• _MATERIAL SHOWN_:
____

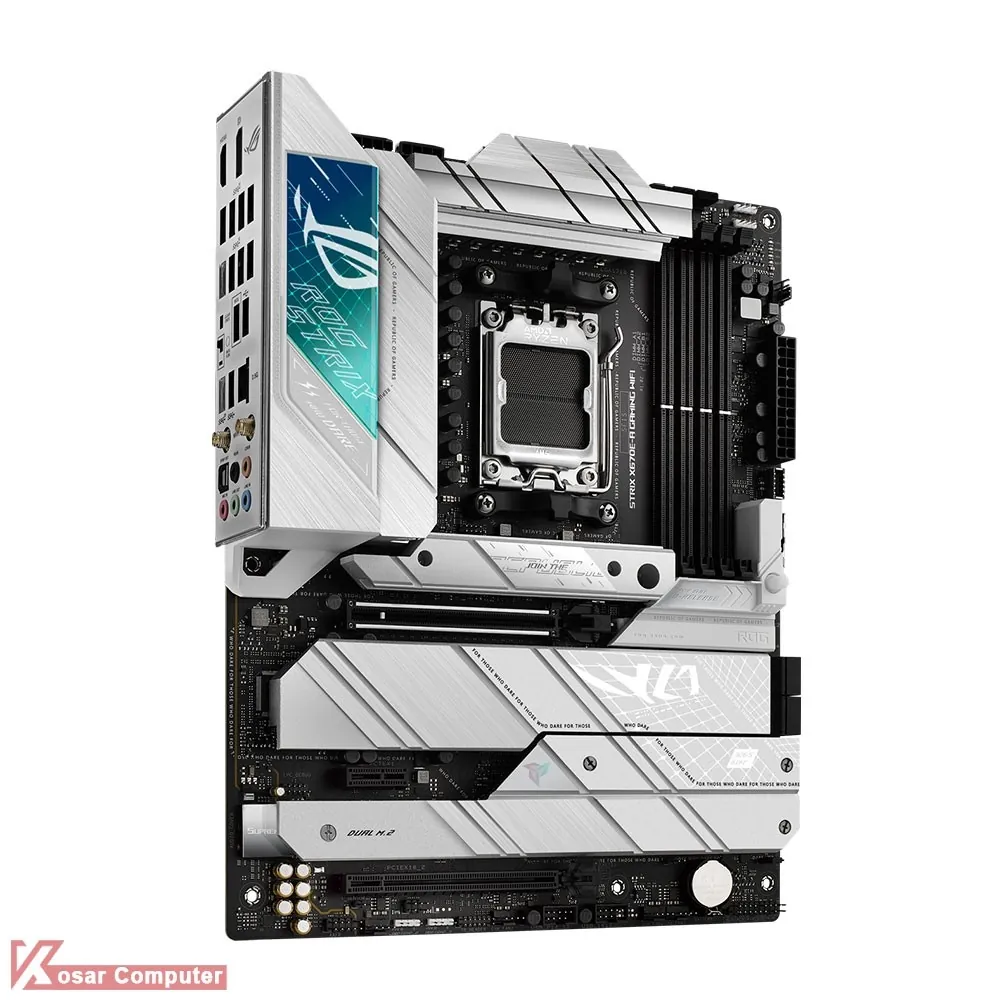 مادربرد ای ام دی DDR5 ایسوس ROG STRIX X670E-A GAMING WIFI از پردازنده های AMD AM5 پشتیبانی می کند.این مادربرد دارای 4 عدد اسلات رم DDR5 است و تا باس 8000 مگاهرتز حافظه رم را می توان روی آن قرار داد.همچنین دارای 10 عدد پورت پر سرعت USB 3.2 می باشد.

____

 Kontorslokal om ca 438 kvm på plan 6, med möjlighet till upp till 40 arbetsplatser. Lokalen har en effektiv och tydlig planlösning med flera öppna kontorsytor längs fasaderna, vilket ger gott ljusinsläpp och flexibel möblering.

____

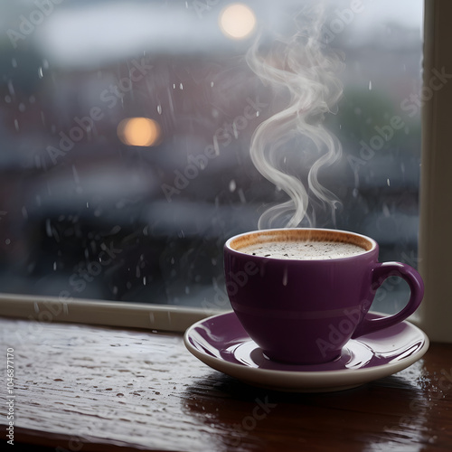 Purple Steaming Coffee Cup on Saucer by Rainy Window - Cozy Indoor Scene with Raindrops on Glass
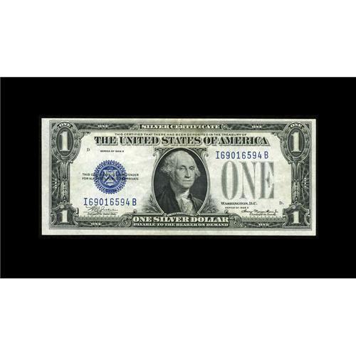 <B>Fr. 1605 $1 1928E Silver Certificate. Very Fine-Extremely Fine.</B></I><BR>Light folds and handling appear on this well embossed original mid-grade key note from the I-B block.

____

• _WHAT YOU HAVE TO DO_:
Starting with the line that has "Purple Steaming Coffee" and going on through the line that has "<B>Fr. 1605 $1", transcribe the records above exactly, but skip the pictures.

• _ANSWER FOR THE TASK_:
 Purple Steaming Coffee Cup on Saucer by Rainy Window - Cozy Indoor Scene with Raindrops on Glass
 <B>Fr. 1605 $1 1928E Silver Certificate. Very Fine-Extremely Fine.</B></I><BR>Light folds and handling appear on this well embossed original mid-grade key note from the I-B block.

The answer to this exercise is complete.